── Provided records ──
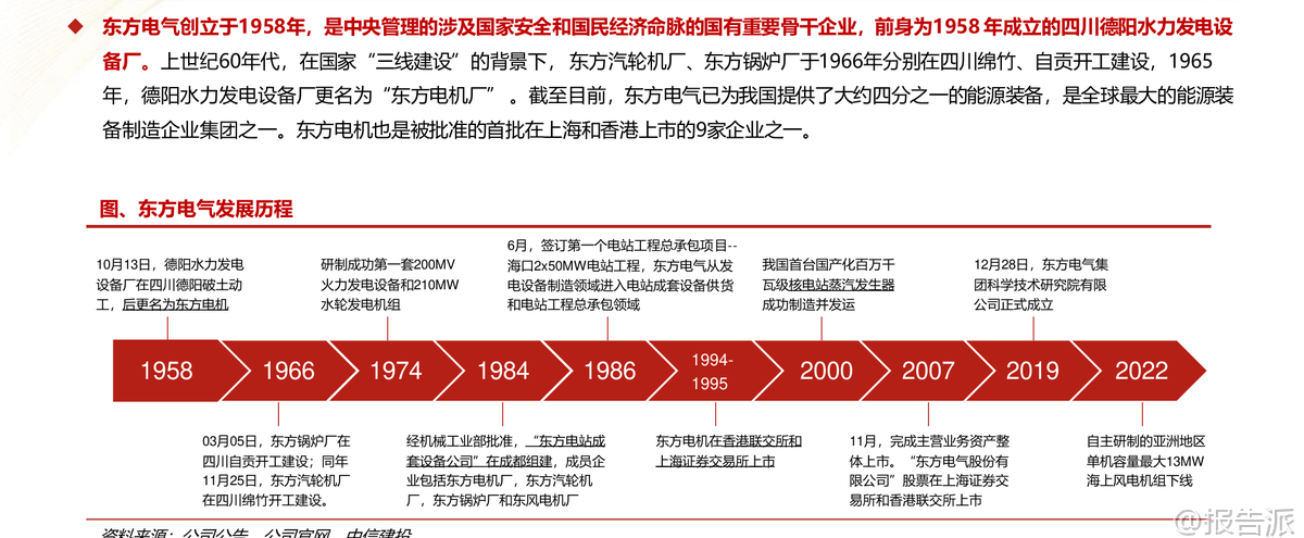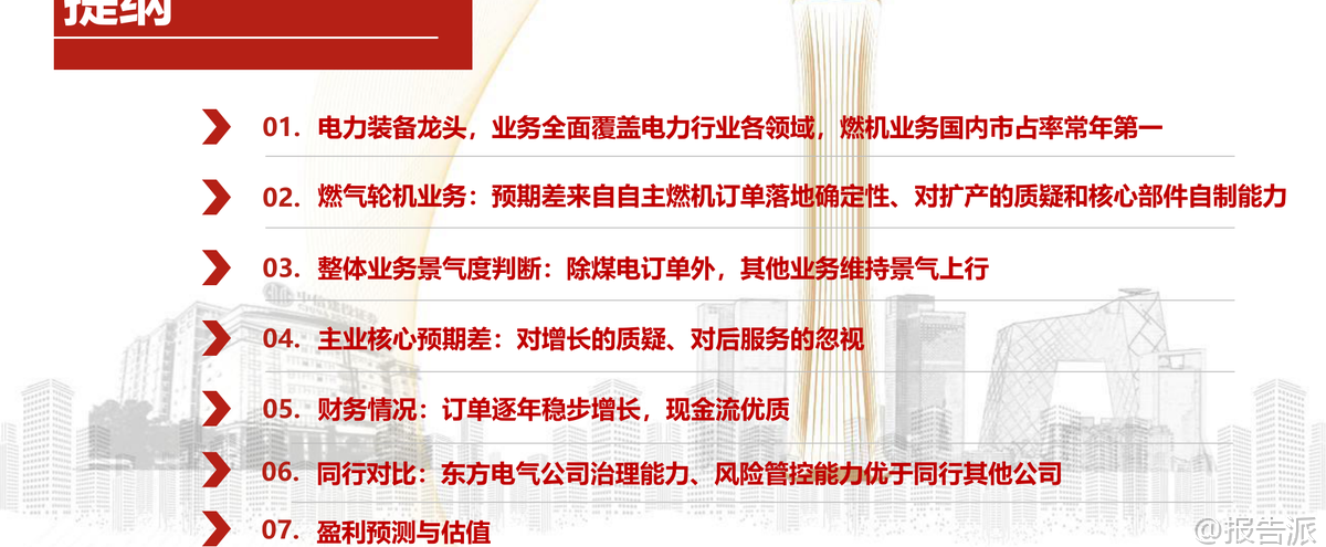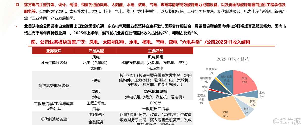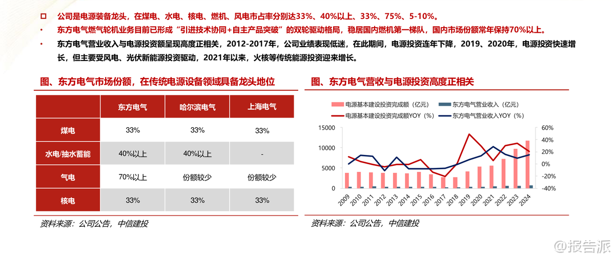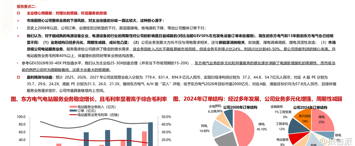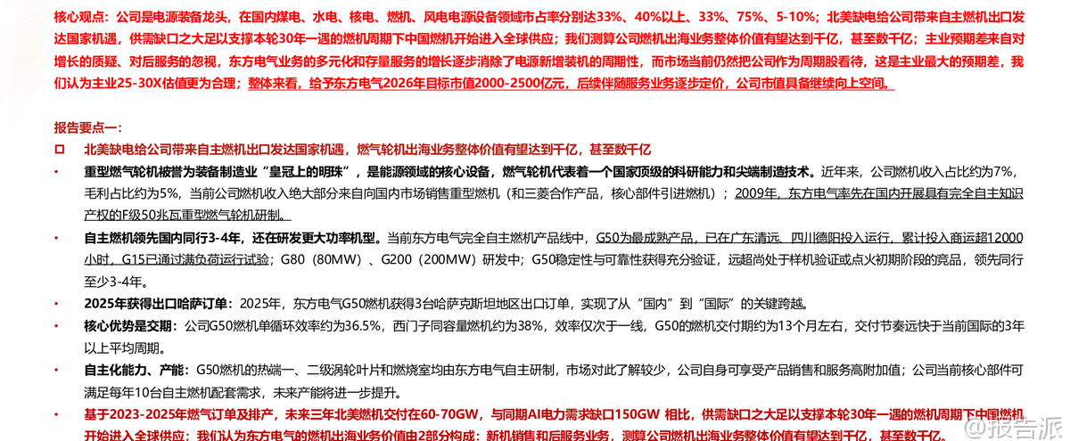 | 东方电气(600875.SH,1072.HK)作为中国电力装备制造领域的龙头企业,正迎来前所未有的发展机遇。 根据中信建投于2026年3月发布的深度研究报告,公司不仅在国内传统电源设备市场占据绝对领先地位,更凭借完全自主知识产权的重型燃气轮机技术,有望实现从“中国制造”向“全球供应”的历史性跨越。 报告指出,东方电气在煤电、水电、核电、燃机等核心电源设备领域的市占率分别高达33%、40%以上、33%和75%,尤其在燃气轮机领域长期稳居国内第一。 近年来,公司持续推进业务多元化布局,形成了风电、太阳能、水电、核电、气电、煤电“六电并举”,以及节能环保、工程与贸易、现代制造服务、新兴产业“五业协同”的发展格局。 这一战略有效降低了对单一电源投资周期的依赖,增强了整体经营的稳定性。 当前最大的市场预期差在于对公司成长性的低估。 长期以来,市场将东方电气视为典型的周期股,给予其15-20倍PE估值。 但中信建投认为,随着公司电站服务业务的持续增长和利润贡献度提升,其商业模式已发生根本性转变。 数据显示,公司电站服务业务收入虽仅占约8%,但毛利占比达24%,利润贡献高达40-50%,且毛利率长期维持在40%以上,远高于公司综合毛利率。 这部分存量后市场服务具有高频、刚需特性,能提供稳定现金流,是典型的“长坡厚雪”赛道。 参考海外巨头GE Vernova的服务订单占比已达50%,中信建投认为东方电气主业应享有25-30倍PE估值更为合理。 燃气轮机出海成为本轮价值重估的核心驱动力。 公司历时15年自主研发的F级50兆瓦重型燃气轮机G50,已于2023年实现商业化运行,累计运行超12000小时,技术成熟度领先国内同行3-4年。 2025年,G50成功斩获哈萨克斯坦3台出口订单,标志着国产重型燃机首次进入国际市场。 其核心竞争优势在于极短的交付周期——仅需13个月左右,远快于国际巨头普遍3年以上的排产周期,在北美等地缺电背景下具备极强竞争力。 更重要的是,G50实现了热端一、二级涡轮叶片和燃烧室等核心部件100%自主化,打破了国外技术封锁。 这不仅规避了高昂的技术授权费和进口成本,更使公司在新机销售和后续长达20-30年的长期服务协议(LTSA)中独享高附加值。 据测算,仅新机销售部分,在中性预期下即可贡献600亿元市值;若未来3-4年内累计装机达100台,后服务市场年利润可达15亿元,对应市值空间600亿元。 综合来看,燃机出海业务整体价值有望达到千亿甚至数千亿级别。 财务层面,公司订单持续高增,2024年新增订单达1011亿元,同比增长17%,2025年前三季度继续同比增长9%。 由于设备交付周期普遍在2-4年,当前强劲的订单为未来几年业绩提供了坚实支撑。 盈利预测方面,预计2025-2027年归母净利润分别为37.2、44.8、54.7亿元,对应2026年目标市值2000-2500亿元,维持A/H股“买入”评级。 伴随服务业务价值逐步被市场认知,公司市值具备显著向上空间。 本文由【报告派】研读,输出观点仅作为行业分析! 原文标题:2026-03-04-中信建投-东方电气(600875)深度报告:中国GEV走向世界 发布时间:2026年 出品方:中信建投 文档页数:49页
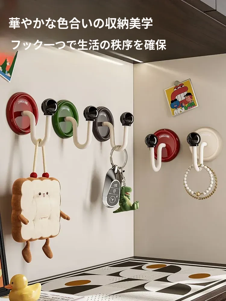 強力吸盤フック – 穴あけ不要の便利な鍵掛けアイテム!無痕で玄関をスッキリ整理、帽子や小物もおしゃれに収納。入室時の必需品、今すぐ手に入れて快適な生活を!
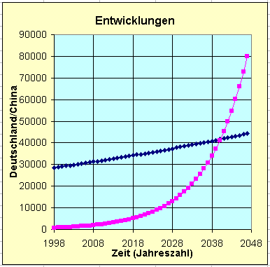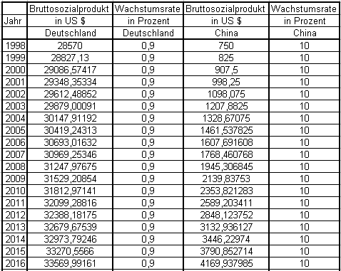 China braucht unter der obigen Annahme 41 Jahre um mit Deutschland gleich zu ziehen. Dann aber hat es bereits nach weiteren 8 Jahren das doppelte Bruttosozialprodukt wie in Deutschland. |
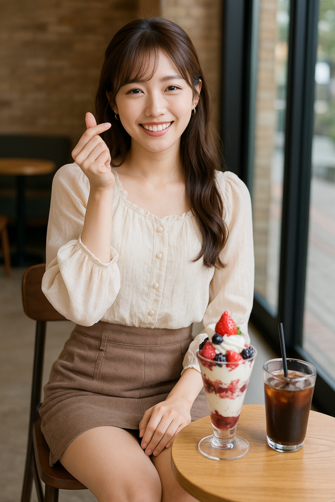 ──スイーツ店のテーブルに並ぶ、映えるパフェとコーヒー。
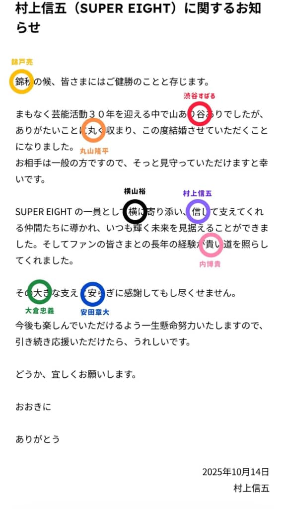 「SUPER EIGHT」の村上信五さんが10月14日、公式サイトで一般女性との結婚を発表しました。村上さんが発表した結構報告の文に、“歴代のメンバー”全員の名前の漢字が含まれていることが「粋すぎ」「泣ける」と話題を集めています。
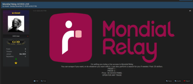 En pleine période des fêtes, alors que des millions de colis circulaient, Mondial Relay a subi une cyberattaque aux conséquences potentiellement lourdes pour ses clients. C’était probablement la pire période pour subir une cyberattaque. Alors que les fêtes de fin d’année battent leur plein, le géant de la livraison, Mondial Relay, a fait l’objet d’une cyberattaque massive exposant les données de tous ses clients. Comme rapporté par le média Infinity Area, des pirates informatiques ont mis la main sur une quantité titanesque d’informations privées. C’est le 21 décembre dernier que les premières fuites de données ont été aperçues sur le dark web, où les données privées des utilisateurs ont été mises en vente. C’est un accès direct qui est donné à quiconque paie pour ces informations. La totalité des utilisateurs enregistrés sur la plateforme sont concernés par la fuite, avec pour chaque utilisateur un accès à son nom et son prénom, son adresse postale complète, son numéro de téléphone et son adresse e-mail. La vente en ligne des données de Mondial Relay aperçue par Infinity Area. La fuite va plus loin encore, puisqu’elle reprend également la liste exhaustive des commandes faites par une personne et un accès direct aux interfaces de gestion des livraisons de Mondial Relay. Cela signifie que, par exemple, un pirate pourrait tenter d’intercepter un colis ou de détourner une livraison. Il aura fallu que la Noël passe, soit le 27 décembre, pour que Mondial Relay réagisse enfin au micro de Franceinfo, six jours après la première fuite. “Aucune donnée bancaire, mot de passe utilisateur ou information de paiement”, rassure la plateforme. “L’analyse complète de l’incident est toujours en cours. Il a été repéré grâce aux dispositifs de surveillance de Mondial Relay. Les données personnelles n’étaient plus exposées le 23 décembre au soir.” Qu’à cela ne tienne, cela aura suffit pour que le 28 décembre, des millions d’utilisateurs reçoivent des mails de phishing au nom de Mondial Relay.
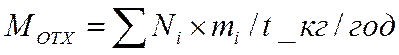 М = VM х рM х Н, кг/год
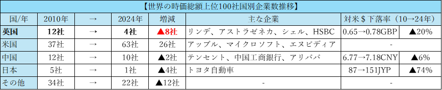 ①世界の時価総額上位100社における英国企業数は、2010年から2024年にかけて▲8社(アングロ・アメリカン、BHPビリトン、リオ・ティント〈鉱業〉、BGグループ、BP〈エネルギー〉、ブリティッシュ・アメリカン・タバコ〈消費財〉、グラクソスミスクライン〈医療品・バイオテクノロジー〉、ボーダフォン〈通信〉)減少、主要4か国の中で最も減少。
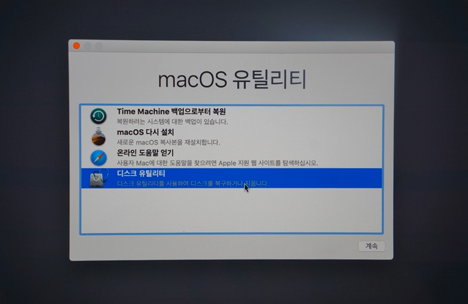 4) 디스크 유틸리티 : 운영체제는 그대로 두고 저장 디스크를 지우거나 복구할 수 있다.
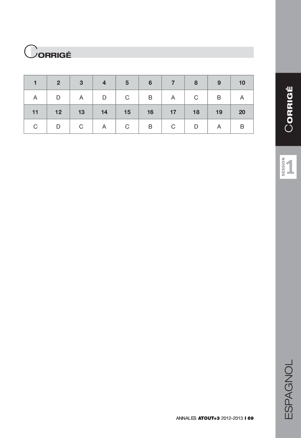 Concours ATOUT+3 2012 - Espagnol 1 (Corrigé)
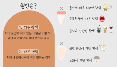 첫째는 치아 표면에 색이 있는 이물질이 붙거나 겉에서 안쪽으로 색이 변하는 경우, 둘째는 치아 내면에서부터 색이 변하는 경우다.
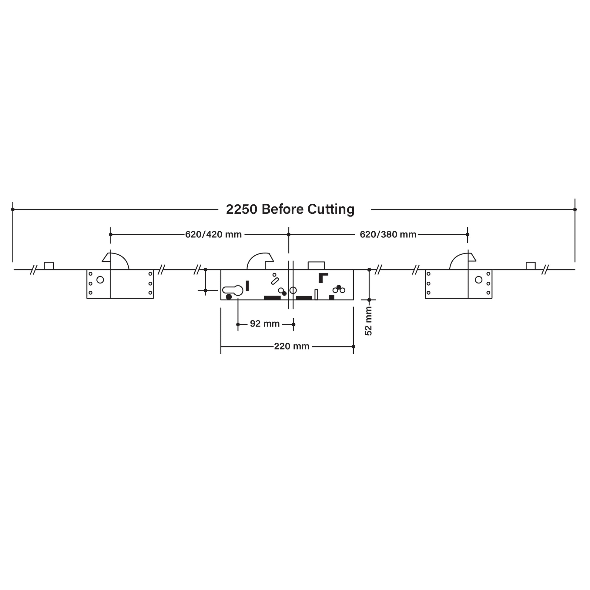 A secure multipoint mechanism with two hooks, two rollers and a latch & deadbolt central case. It suits 35 mm backset, 92 mm centres and is available with different lock‑point spacing to match your existing door lock.
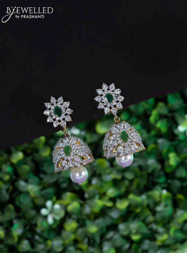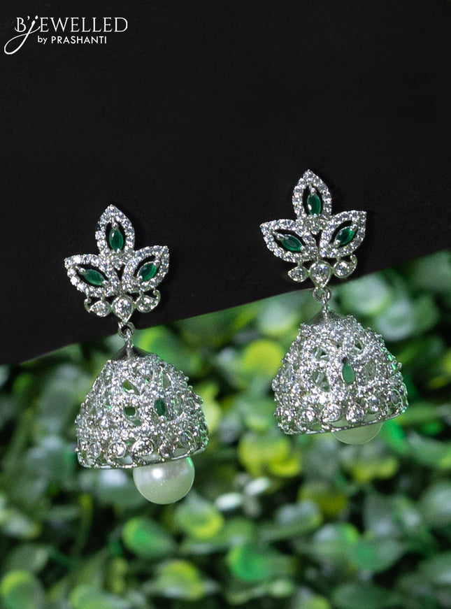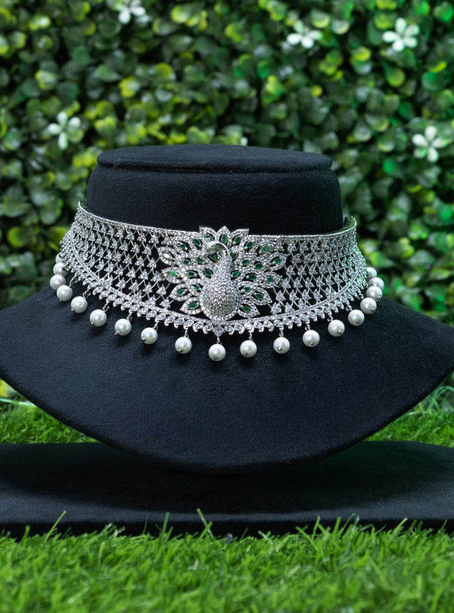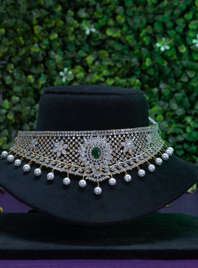 10% OFF Zircon choker floral design with emerald & cz stones and pearl hangings without earrings
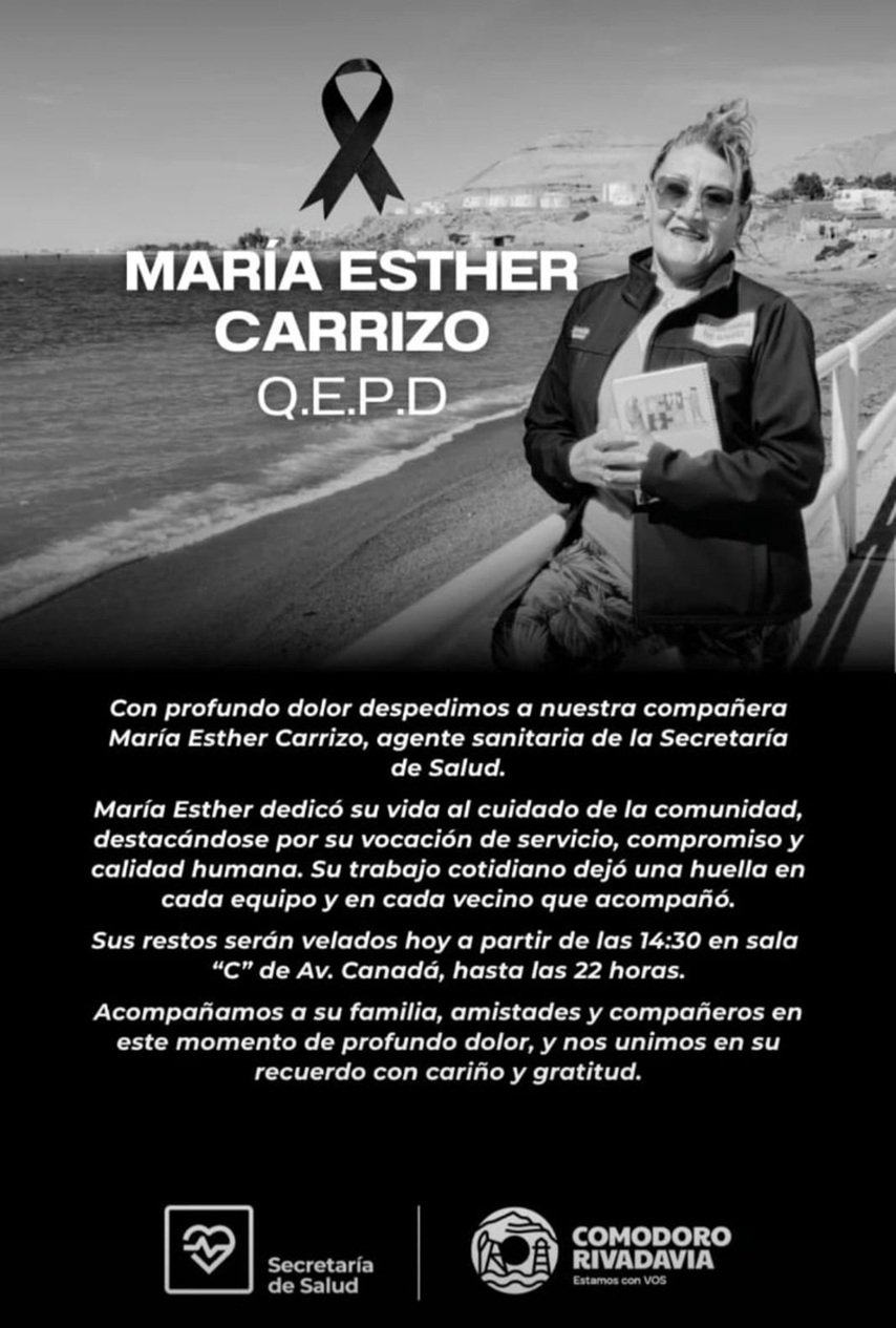 La comunidad de Comodoro Rivadavia se encuentra conmovida tras confirmarse el fallecimiento de María Esther Carrizo, una reconocida agente sanitaria de la Secretaría de Salud local. Carrizo, cuya trayectoria estuvo marcada por un fuerte compromiso social y vocación de servicio, dejó una huella profunda tanto en sus compañeros de trabajo como en los vecinos de los sectores donde prestaba asistencia.
───
• What is needed:
The listing above needs to be output again exactly. Don't include the pictures.

• Result below:
 | 东方电气(600875.SH,1072.HK)作为中国电力装备制造领域的龙头企业,正迎来前所未有的发展机遇。 根据中信建投于2026年3月发布的深度研究报告,公司不仅在国内传统电源设备市场占据绝对领先地位,更凭借完全自主知识产权的重型燃气轮机技术,有望实现从“中国制造”向“全球供应”的历史性跨越。 报告指出,东方电气在煤电、水电、核电、燃机等核心电源设备领域的市占率分别高达33%、40%以上、33%和75%,尤其在燃气轮机领域长期稳居国内第一。 近年来,公司持续推进业务多元化布局,形成了风电、太阳能、水电、核电、气电、煤电“六电并举”,以及节能环保、工程与贸易、现代制造服务、新兴产业“五业协同”的发展格局。 这一战略有效降低了对单一电源投资周期的依赖,增强了整体经营的稳定性。 当前最大的市场预期差在于对公司成长性的低估。 长期以来,市场将东方电气视为典型的周期股,给予其15-20倍PE估值。 但中信建投认为,随着公司电站服务业务的持续增长和利润贡献度提升,其商业模式已发生根本性转变。 数据显示,公司电站服务业务收入虽仅占约8%,但毛利占比达24%,利润贡献高达40-50%,且毛利率长期维持在40%以上,远高于公司综合毛利率。 这部分存量后市场服务具有高频、刚需特性,能提供稳定现金流,是典型的“长坡厚雪”赛道。 参考海外巨头GE Vernova的服务订单占比已达50%,中信建投认为东方电气主业应享有25-30倍PE估值更为合理。 燃气轮机出海成为本轮价值重估的核心驱动力。 公司历时15年自主研发的F级50兆瓦重型燃气轮机G50,已于2023年实现商业化运行,累计运行超12000小时,技术成熟度领先国内同行3-4年。 2025年,G50成功斩获哈萨克斯坦3台出口订单,标志着国产重型燃机首次进入国际市场。 其核心竞争优势在于极短的交付周期——仅需13个月左右,远快于国际巨头普遍3年以上的排产周期,在北美等地缺电背景下具备极强竞争力。 更重要的是,G50实现了热端一、二级涡轮叶片和燃烧室等核心部件100%自主化,打破了国外技术封锁。 这不仅规避了高昂的技术授权费和进口成本,更使公司在新机销售和后续长达20-30年的长期服务协议(LTSA)中独享高附加值。 据测算,仅新机销售部分,在中性预期下即可贡献600亿元市值;若未来3-4年内累计装机达100台,后服务市场年利润可达15亿元,对应市值空间600亿元。 综合来看,燃机出海业务整体价值有望达到千亿甚至数千亿级别。 财务层面,公司订单持续高增,2024年新增订单达1011亿元,同比增长17%,2025年前三季度继续同比增长9%。 由于设备交付周期普遍在2-4年,当前强劲的订单为未来几年业绩提供了坚实支撑。 盈利预测方面,预计2025-2027年归母净利润分别为37.2、44.8、54.7亿元,对应2026年目标市值2000-2500亿元,维持A/H股“买入”评级。 伴随服务业务价值逐步被市场认知,公司市值具备显著向上空间。 本文由【报告派】研读,输出观点仅作为行业分析! 原文标题:2026-03-04-中信建投-东方电气(600875)深度报告:中国GEV走向世界 发布时间:2026年 出品方:中信建投 文档页数:49页
 強力吸盤フック – 穴あけ不要の便利な鍵掛けアイテム!無痕で玄関をスッキリ整理、帽子や小物もおしゃれに収納。入室時の必需品、今すぐ手に入れて快適な生活を!
 China braucht unter der obigen Annahme 41 Jahre um mit Deutschland gleich zu ziehen. Dann aber hat es bereits nach weiteren 8 Jahren das doppelte Bruttosozialprodukt wie in Deutschland. |
 ──スイーツ店のテーブルに並ぶ、映えるパフェとコーヒー。
 「SUPER EIGHT」の村上信五さんが10月14日、公式サイトで一般女性との結婚を発表しました。村上さんが発表した結構報告の文に、“歴代のメンバー”全員の名前の漢字が含まれていることが「粋すぎ」「泣ける」と話題を集めています。
 En pleine période des fêtes, alors que des millions de colis circulaient, Mondial Relay a subi une cyberattaque aux conséquences potentiellement lourdes pour ses clients. C’était probablement la pire période pour subir une cyberattaque. Alors que les fêtes de fin d’année battent leur plein, le géant de la livraison, Mondial Relay, a fait l’objet d’une cyberattaque massive exposant les données de tous ses clients. Comme rapporté par le média Infinity Area, des pirates informatiques ont mis la main sur une quantité titanesque d’informations privées. C’est le 21 décembre dernier que les premières fuites de données ont été aperçues sur le dark web, où les données privées des utilisateurs ont été mises en vente. C’est un accès direct qui est donné à quiconque paie pour ces informations. La totalité des utilisateurs enregistrés sur la plateforme sont concernés par la fuite, avec pour chaque utilisateur un accès à son nom et son prénom, son adresse postale complète, son numéro de téléphone et son adresse e-mail. La vente en ligne des données de Mondial Relay aperçue par Infinity Area. La fuite va plus loin encore, puisqu’elle reprend également la liste exhaustive des commandes faites par une personne et un accès direct aux interfaces de gestion des livraisons de Mondial Relay. Cela signifie que, par exemple, un pirate pourrait tenter d’intercepter un colis ou de détourner une livraison. Il aura fallu que la Noël passe, soit le 27 décembre, pour que Mondial Relay réagisse enfin au micro de Franceinfo, six jours après la première fuite. “Aucune donnée bancaire, mot de passe utilisateur ou information de paiement”, rassure la plateforme. “L’analyse complète de l’incident est toujours en cours. Il a été repéré grâce aux dispositifs de surveillance de Mondial Relay. Les données personnelles n’étaient plus exposées le 23 décembre au soir.” Qu’à cela ne tienne, cela aura suffit pour que le 28 décembre, des millions d’utilisateurs reçoivent des mails de phishing au nom de Mondial Relay.
 М = VM х рM х Н, кг/год
 ①世界の時価総額上位100社における英国企業数は、2010年から2024年にかけて▲8社(アングロ・アメリカン、BHPビリトン、リオ・ティント〈鉱業〉、BGグループ、BP〈エネルギー〉、ブリティッシュ・アメリカン・タバコ〈消費財〉、グラクソスミスクライン〈医療品・バイオテクノロジー〉、ボーダフォン〈通信〉)減少、主要4か国の中で最も減少。
 4) 디스크 유틸리티 : 운영체제는 그대로 두고 저장 디스크를 지우거나 복구할 수 있다.
 Concours ATOUT+3 2012 - Espagnol 1 (Corrigé)
 첫째는 치아 표면에 색이 있는 이물질이 붙거나 겉에서 안쪽으로 색이 변하는 경우, 둘째는 치아 내면에서부터 색이 변하는 경우다.
 A secure multipoint mechanism with two hooks, two rollers and a latch & deadbolt central case. It suits 35 mm backset, 92 mm centres and is available with different lock‑point spacing to match your existing door lock.
 10% OFF Zircon choker floral design with emerald & cz stones and pearl hangings without earrings
 La comunidad de Comodoro Rivadavia se encuentra conmovida tras confirmarse el fallecimiento de María Esther Carrizo, una reconocida agente sanitaria de la Secretaría de Salud local. Carrizo, cuya trayectoria estuvo marcada por un fuerte compromiso social y vocación de servicio, dejó una huella profunda tanto en sus compañeros de trabajo como en los vecinos de los sectores donde prestaba asistencia.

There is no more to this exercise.